◆ AIM OF THE TASK ◆
Beneath this line sits some data. Return only its lines from the one holding "大正琴の演奏や、新体操部の全" through the one holding "TV-bænk med rattan og glasdøre 120,5x45,5cm", inclusive, exactly, with the images removed.

◆ EXERCISE DATA ◆

=======

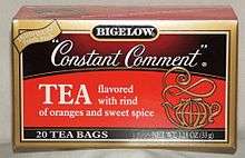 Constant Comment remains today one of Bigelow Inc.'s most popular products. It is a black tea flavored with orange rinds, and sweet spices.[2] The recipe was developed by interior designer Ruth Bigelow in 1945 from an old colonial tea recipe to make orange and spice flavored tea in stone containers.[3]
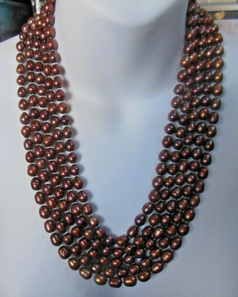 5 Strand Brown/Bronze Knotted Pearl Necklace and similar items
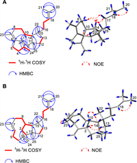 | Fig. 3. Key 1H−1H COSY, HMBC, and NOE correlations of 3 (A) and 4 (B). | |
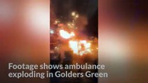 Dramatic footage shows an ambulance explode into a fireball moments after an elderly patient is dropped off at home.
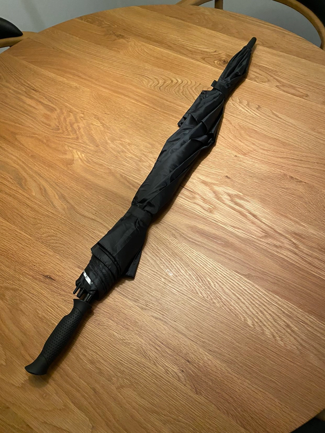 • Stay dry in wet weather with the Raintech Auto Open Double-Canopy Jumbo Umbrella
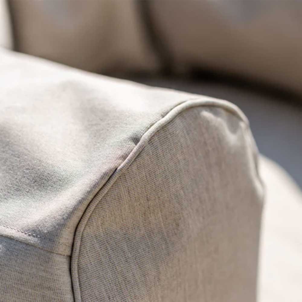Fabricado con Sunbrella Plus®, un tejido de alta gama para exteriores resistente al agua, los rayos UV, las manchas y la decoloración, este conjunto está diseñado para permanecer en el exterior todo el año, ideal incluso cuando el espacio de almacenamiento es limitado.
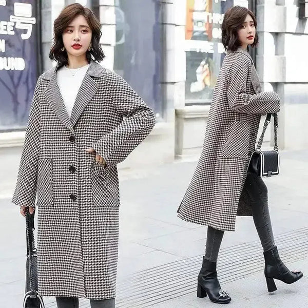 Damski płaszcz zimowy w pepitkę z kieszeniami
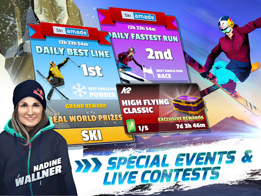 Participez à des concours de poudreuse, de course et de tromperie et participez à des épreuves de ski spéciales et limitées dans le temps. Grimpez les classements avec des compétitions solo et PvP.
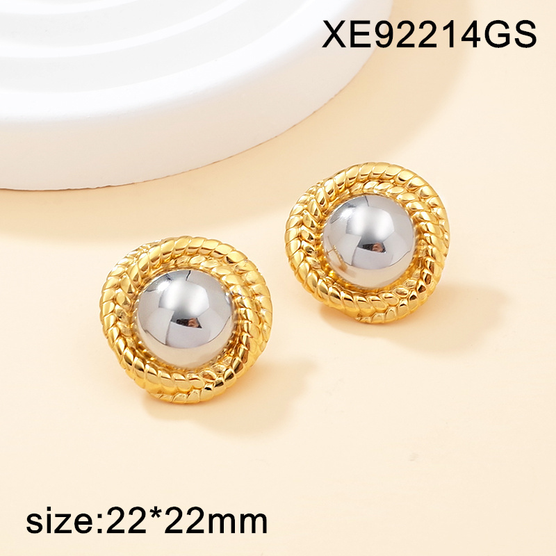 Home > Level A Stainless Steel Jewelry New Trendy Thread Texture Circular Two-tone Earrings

=======

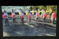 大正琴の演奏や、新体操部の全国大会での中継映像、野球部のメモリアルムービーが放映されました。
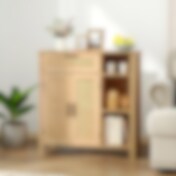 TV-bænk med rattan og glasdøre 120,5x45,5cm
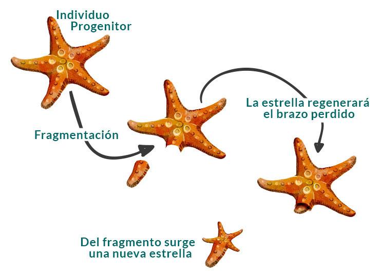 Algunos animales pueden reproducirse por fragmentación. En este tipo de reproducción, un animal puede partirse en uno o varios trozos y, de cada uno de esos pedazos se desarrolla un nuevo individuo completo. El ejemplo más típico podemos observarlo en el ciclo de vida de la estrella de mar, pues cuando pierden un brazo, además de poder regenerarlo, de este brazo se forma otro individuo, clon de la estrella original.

=======

◆ RESULT OF THE TASK ◆
 大正琴の演奏や、新体操部の全国大会での中継映像、野球部のメモリアルムービーが放映されました。
 TV-bænk med rattan og glasdøre 120,5x45,5cm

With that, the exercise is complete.